- **Prompt**
Data follows below. Repeat exactly the lines between the line holding "扣子平台的真正魅力在于其可定" and the line holding "我很喜欢这张图,因为它显示的", inclusive, and nothing more; drop pictures.

- **Data supplied**
====================

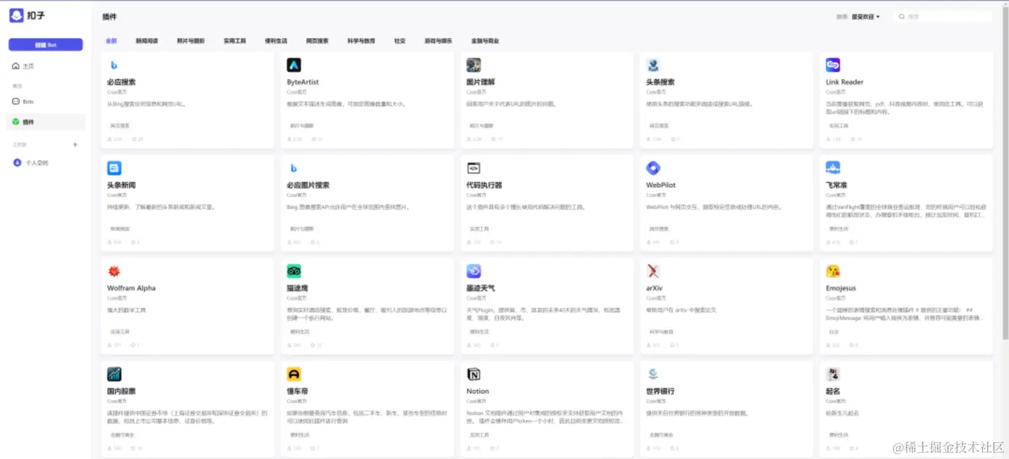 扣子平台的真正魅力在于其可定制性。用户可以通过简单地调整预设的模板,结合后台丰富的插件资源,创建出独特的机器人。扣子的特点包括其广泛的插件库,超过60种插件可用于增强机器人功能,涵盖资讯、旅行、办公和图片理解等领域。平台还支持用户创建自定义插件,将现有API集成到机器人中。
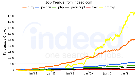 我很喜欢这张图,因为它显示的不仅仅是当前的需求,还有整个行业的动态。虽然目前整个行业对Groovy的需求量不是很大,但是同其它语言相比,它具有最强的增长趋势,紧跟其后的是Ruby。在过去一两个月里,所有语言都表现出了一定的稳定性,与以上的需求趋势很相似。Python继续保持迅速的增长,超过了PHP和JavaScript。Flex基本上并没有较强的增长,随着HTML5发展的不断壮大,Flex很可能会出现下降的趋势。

====================

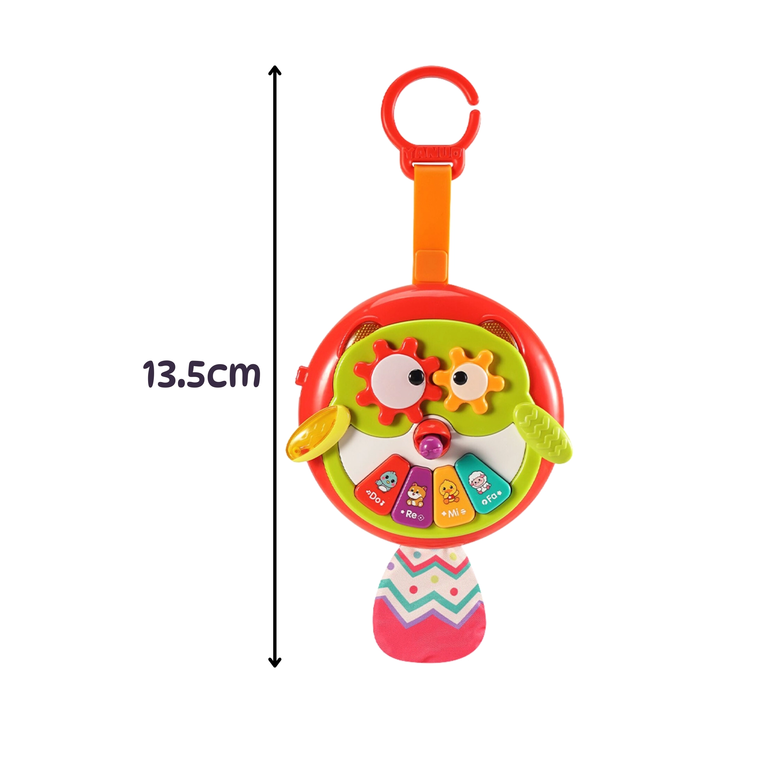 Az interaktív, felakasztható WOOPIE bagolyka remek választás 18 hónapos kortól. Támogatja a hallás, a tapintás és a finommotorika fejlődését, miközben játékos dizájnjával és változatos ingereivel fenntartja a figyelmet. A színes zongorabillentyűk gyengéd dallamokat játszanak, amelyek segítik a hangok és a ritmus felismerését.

====================

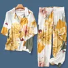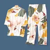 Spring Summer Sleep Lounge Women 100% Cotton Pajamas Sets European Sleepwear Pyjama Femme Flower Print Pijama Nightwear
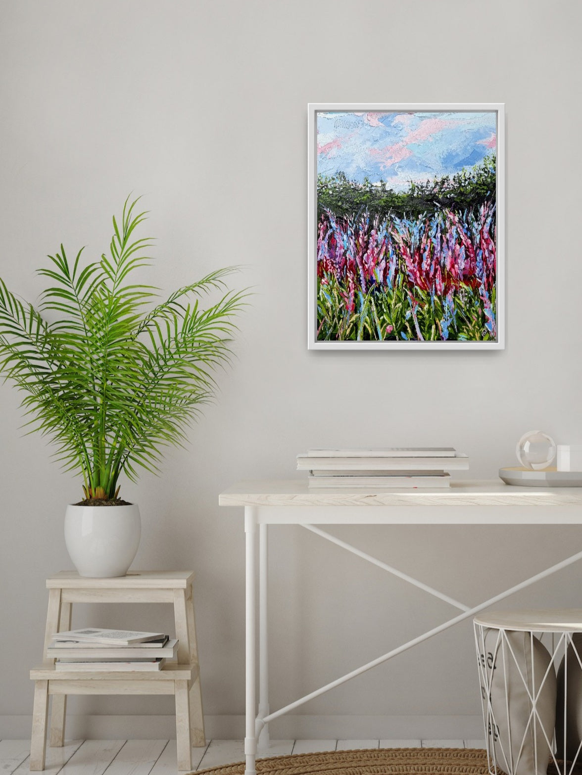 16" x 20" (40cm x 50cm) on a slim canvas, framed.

====================

- **Response**
 扣子平台的真正魅力在于其可定制性。用户可以通过简单地调整预设的模板,结合后台丰富的插件资源,创建出独特的机器人。扣子的特点包括其广泛的插件库,超过60种插件可用于增强机器人功能,涵盖资讯、旅行、办公和图片理解等领域。平台还支持用户创建自定义插件,将现有API集成到机器人中。
 我很喜欢这张图,因为它显示的不仅仅是当前的需求,还有整个行业的动态。虽然目前整个行业对Groovy的需求量不是很大,但是同其它语言相比,它具有最强的增长趋势,紧跟其后的是Ruby。在过去一两个月里,所有语言都表现出了一定的稳定性,与以上的需求趋势很相似。Python继续保持迅速的增长,超过了PHP和JavaScript。Flex基本上并没有较强的增长,随着HTML5发展的不断壮大,Flex很可能会出现下降的趋势。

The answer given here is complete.